++++ Dataset content ++++

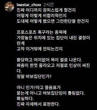 결국 타노스 코치가 사임에 이르자, K리그 해설위원이자 유튜브 채널을 통해 팬들과 소통해온 이주헌 해설위원 또한 강한 유감을 표했다.
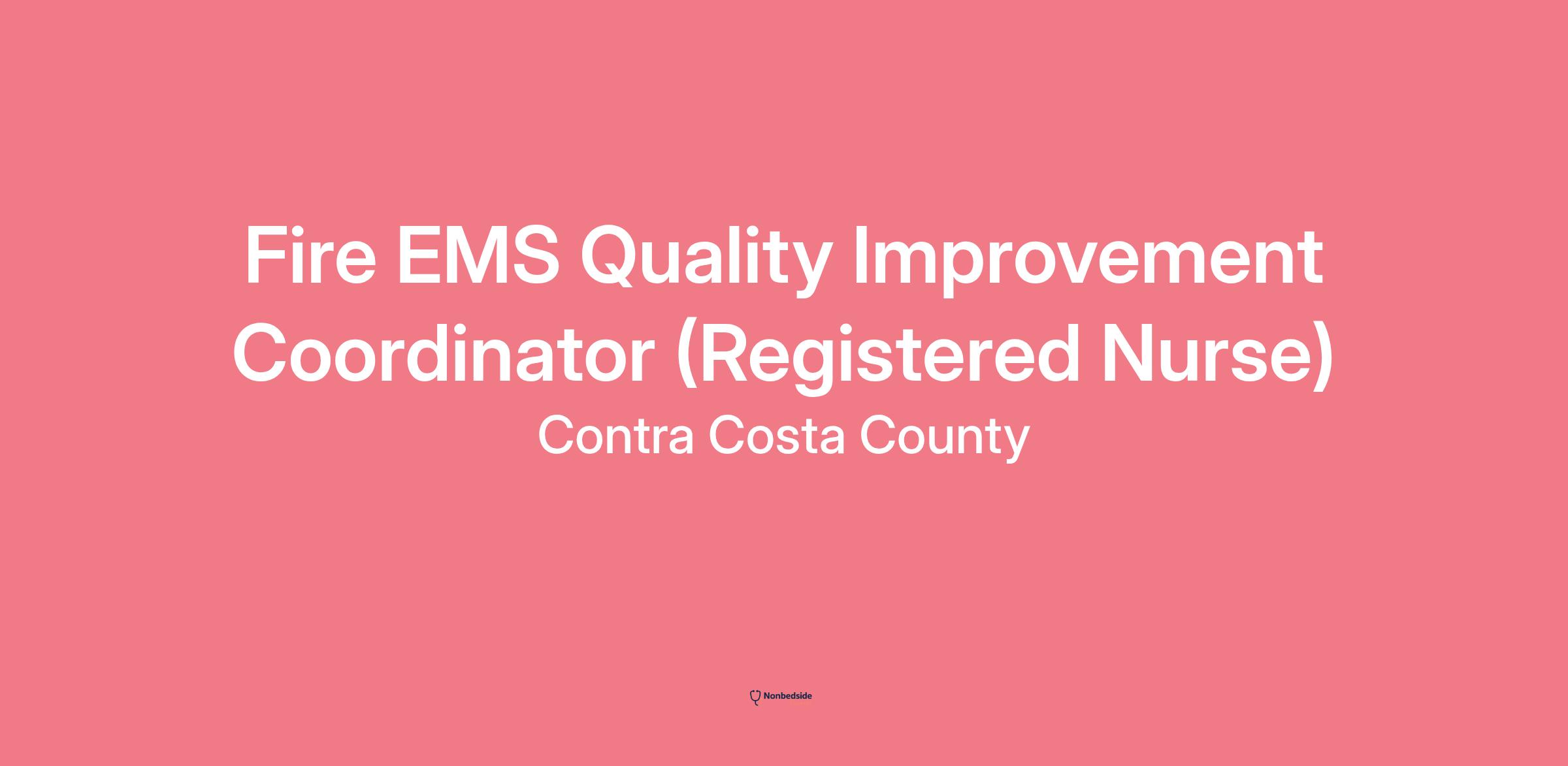 Overview Contra Costa County Fire Protection District is a recognized fire service leader that strives to become the premier fire organization that honors the past, recognizes the challenges of the present and will continue to raise the bar of excellence into the future. The Fire EMS Quality Improvement Coordinator plays a vital role in this mission, continuously working towards improvement of all aspects of the Emergency Medical Services (EMS) we provide to our valued communities.
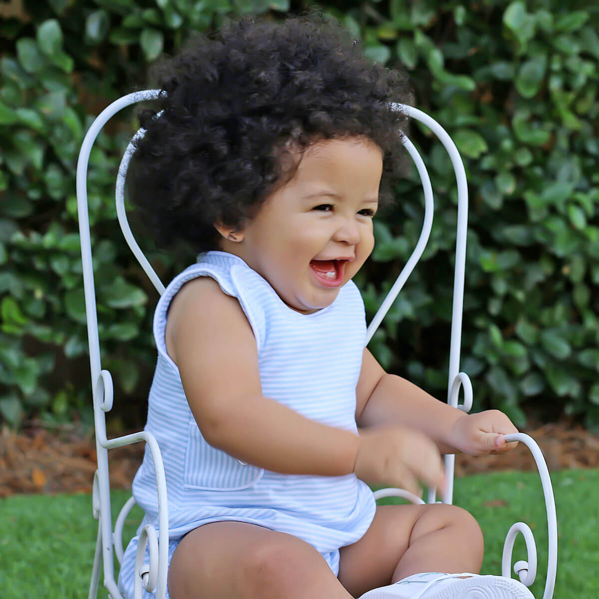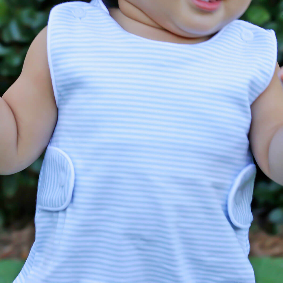 This Blue Stripe Sun Bubble is an adorable romper suitable for all seasons. It features a soft blue stripe knit fabric and a classic shoulder buttons. For a personal touch, consider adding a monogram to make it even more special. For easy diaper changes and dressing, the romper comes with convenient snaps in the stride. Whether it's for playdates, outings, or special occasions, this romper offers both comfort and style.

++++

● Exercise description: Extract the run of lines from the line holding "Overview Contra Costa" through the final line of the material above, exactly and inclusively. Leave the pictures behind.

● Solution:
 Overview Contra Costa County Fire Protection District is a recognized fire service leader that strives to become the premier fire organization that honors the past, recognizes the challenges of the present and will continue to raise the bar of excellence into the future. The Fire EMS Quality Improvement Coordinator plays a vital role in this mission, continuously working towards improvement of all aspects of the Emergency Medical Services (EMS) we provide to our valued communities.
 This Blue Stripe Sun Bubble is an adorable romper suitable for all seasons. It features a soft blue stripe knit fabric and a classic shoulder buttons. For a personal touch, consider adding a monogram to make it even more special. For easy diaper changes and dressing, the romper comes with convenient snaps in the stride. Whether it's for playdates, outings, or special occasions, this romper offers both comfort and style.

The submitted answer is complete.